Hi, It also depends on the number of rows you have, kind of query you are executing and data types on which predicate in query is based. Probably you would see the theory apply when you have huge table. Cheers Satish
The table has 232,441 rows. The number of distinct values for the index is 123,476. It is SQL Server 2005.
"No primary key" - rule #1, always add a PK to any table. Add an identity column if there is no apparent unique key, make that the PK with a clustered index.
Yes, I agree. I just started working here on Friday as a consultant and asked the very same question. The reason explained to me was the table is a many to many resolution table / cross reference table. The integrity is kept through the foreign keys and, therefore, they did not find it necessary to have a primary key. It would slow down updates and inserts. But since they are thinking of adding a non-clustered index which will slow down inserts and updates, why not create a primary key. I will suggest that. I still am not clear why it is using the index when it has 52% selectivity ratio though. It is SQL Server 2005 with a 232,441 rows and 123,476 unique values. And I am not sure why I don't see a difference in the execution plan. The table that has the new index is being called within a function that is being called within a stored procedure. Do you think this has anything to with this? Thanks!
"The table that has the new index is being called within a function that is being called within a stored procedure. Do you think this has anything to with this?" Is the UDF being called from a query statement (SELECT, UPDATE or DELETE) inside that stored procedure?
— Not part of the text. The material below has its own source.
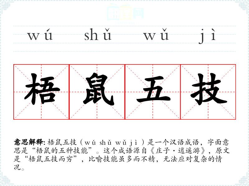 梧鼠五技(wú shǔ wǔ jì)是一个汉语成语,字面意思是“梧鼠的五种技能”。这个成语源自《庄子·逍遥游》,原文是“梧鼠五技而穷”,比喻技能虽多而不精,无法应对复杂的情况。

If so, is it in the WHERE clause of that query? This is the most common cause for indexes getting ignored: incorrect application of a UDF.
Do you have any hints such as index hints to use within that code? Or are you forcing any plan guides to use?
If it's a covering index -- that is, if all columns in the query result can come from the index -- then SQL will use the index because it's less I/O to read the index than the full table. Rather than add an arbitrary PK, which will slow down your lookup query, you could consider changing the current index to a clustered one. This helps by allowing the table to be reorganized (a table w/o a clustered index cannot be reorganized / compacted). But don't rely too heavily on a slogan like "Always have a PK"; that is too broad to apply to every situation.